Bello studied at Kaduna State Polytechnic Zaria in 1995 and obtained an accounting degree from Ahmadu Bello University in 1999. Yahaya Bello further enrolled for a Masters program in Ahmadu Bello University in Zaria where he was conferred with a Masters degree in Business Administration (MBA) in 2002. Bello became a chartered fellow of the Association of National Accountants of Nigeria in 2004.

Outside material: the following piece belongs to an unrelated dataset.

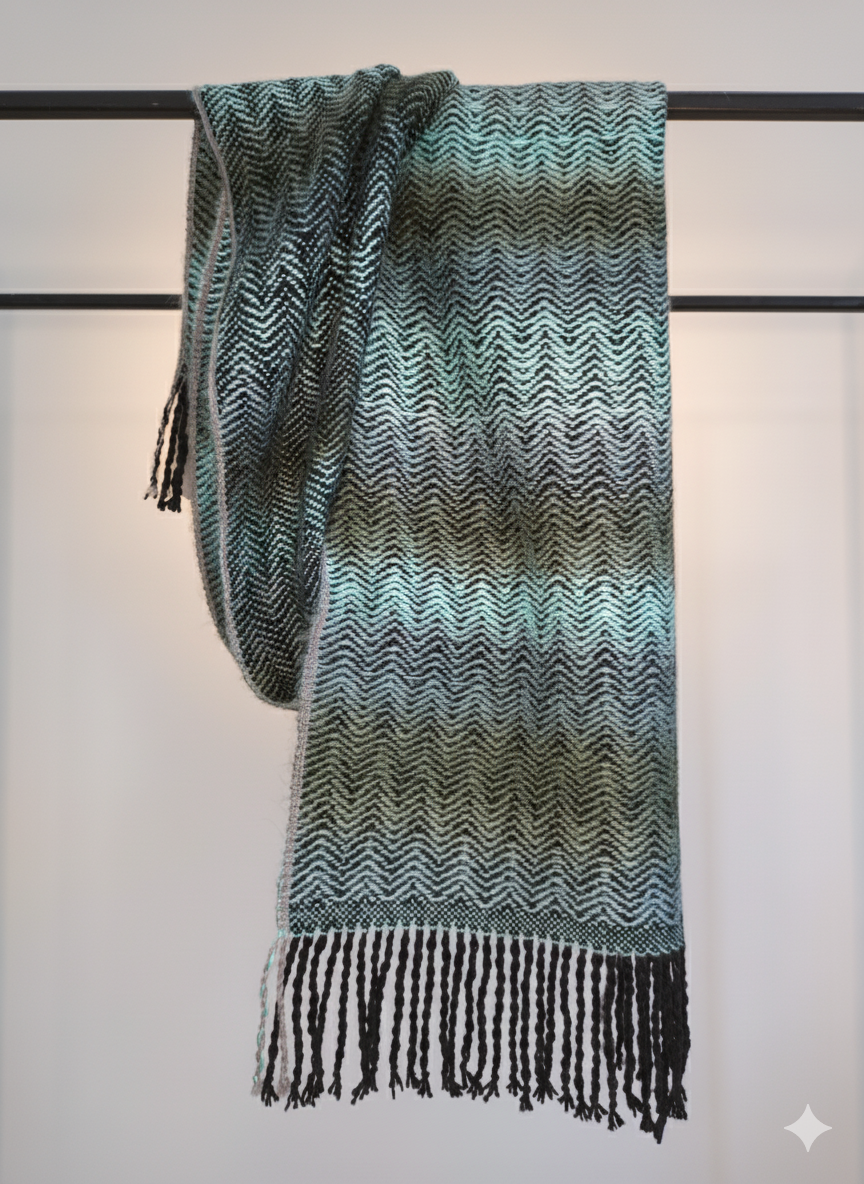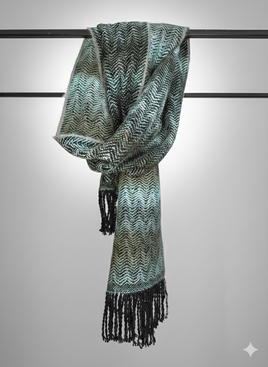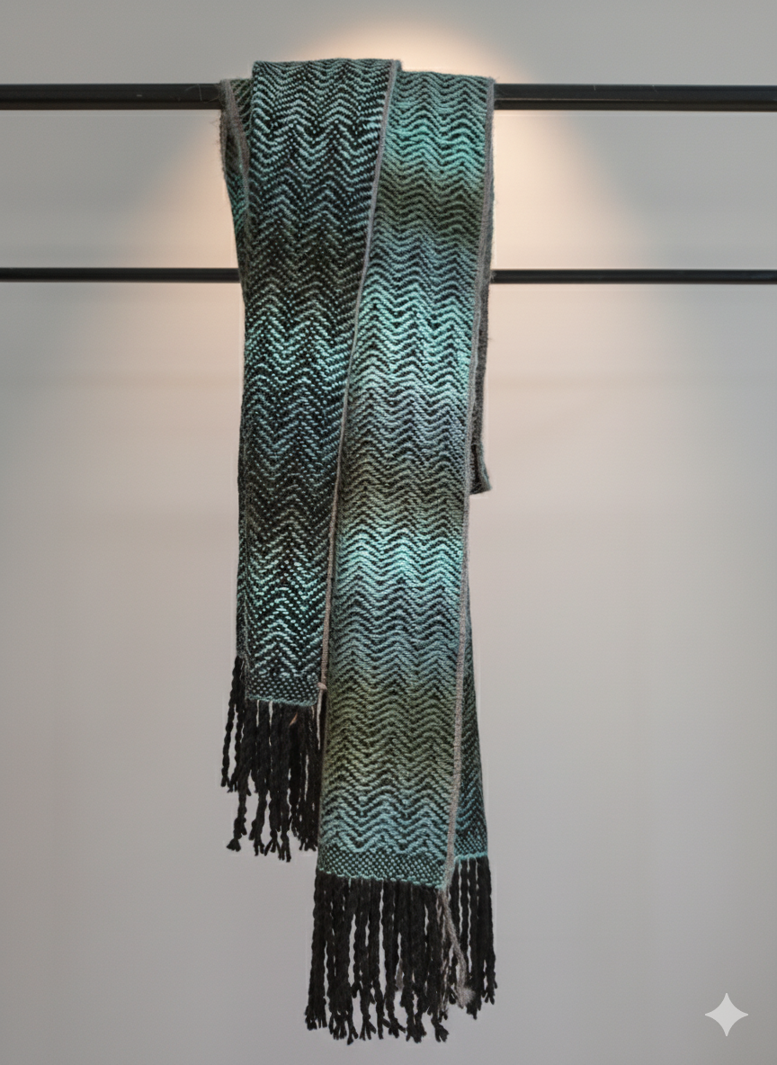 Ilgas šalikas, austas rankinėmis staklėmis iš alpakos ir merino vilnos mišinio yra švelnus ir minkštas. Matmenys 30x200 cm.
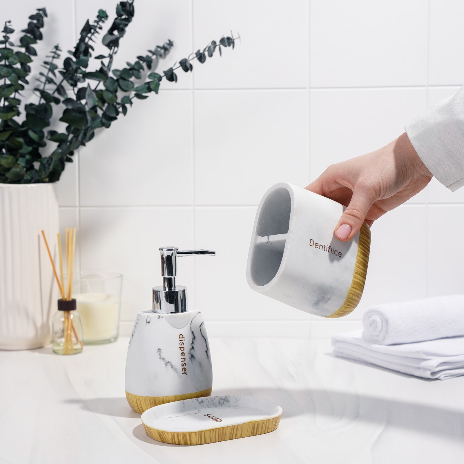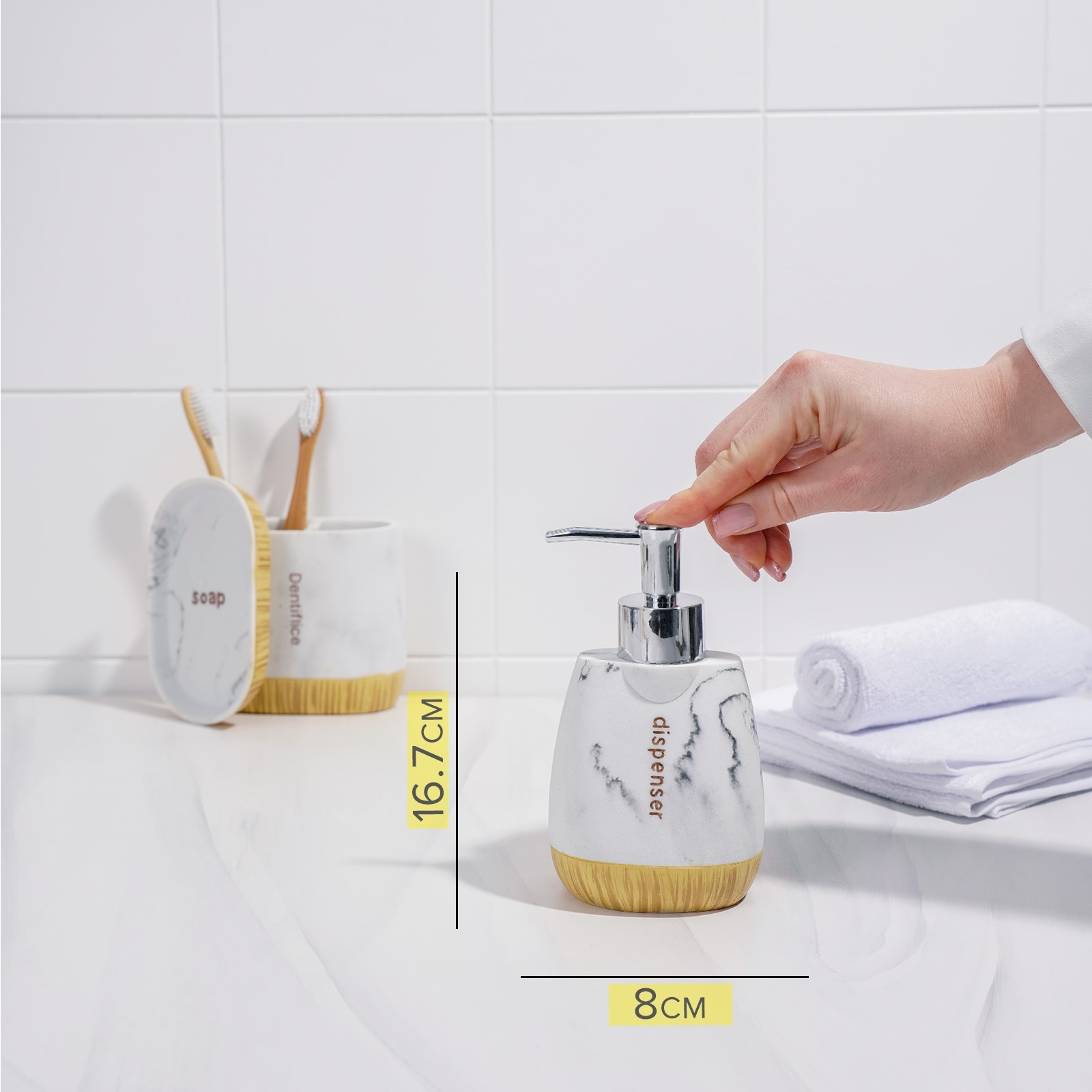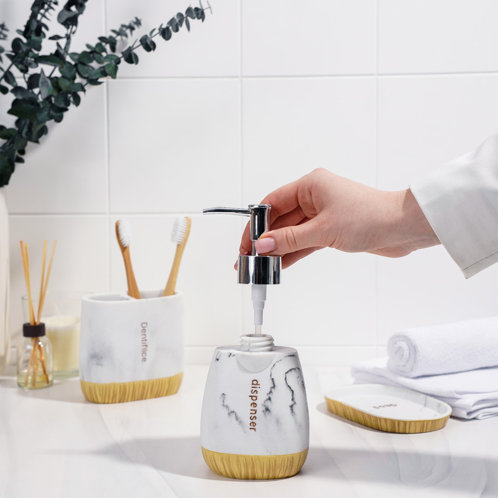 Набор аксессуаров для ванной комнаты For, 3 предмета (дозатор 150 мл, мыльница, стакан)

Governor Bello is a lover of sport and fitness, especially boxing.

Political career 
Bello was declared winner of the 2015 Kogi gubernatorial election after he was chosen on the platform of the All Progressives Congress as the replacement for the late Abubakar Audu who originally won the election but died before the result was declared. On November 16th, 2019, Bello was elected to a second term after he defeated PDP nominee Musa Wada by over 200,000 votes. Bello is the youngest governor in Nigeria and the only governor to be born after the Nigerian Civil War. Victory Obasi announced in 2020 that she would fund Bello's run in the 2023 presidential elections.  In Abuja on April 2nd, 2022, Bello formally declared his interest to run in Nigeria's presidential elections for 2023. Bello was supported by a socio-political group known as Bello Ambassadors Network founded by Edogbo Anthony. The group had over 2 million registered Nigerians.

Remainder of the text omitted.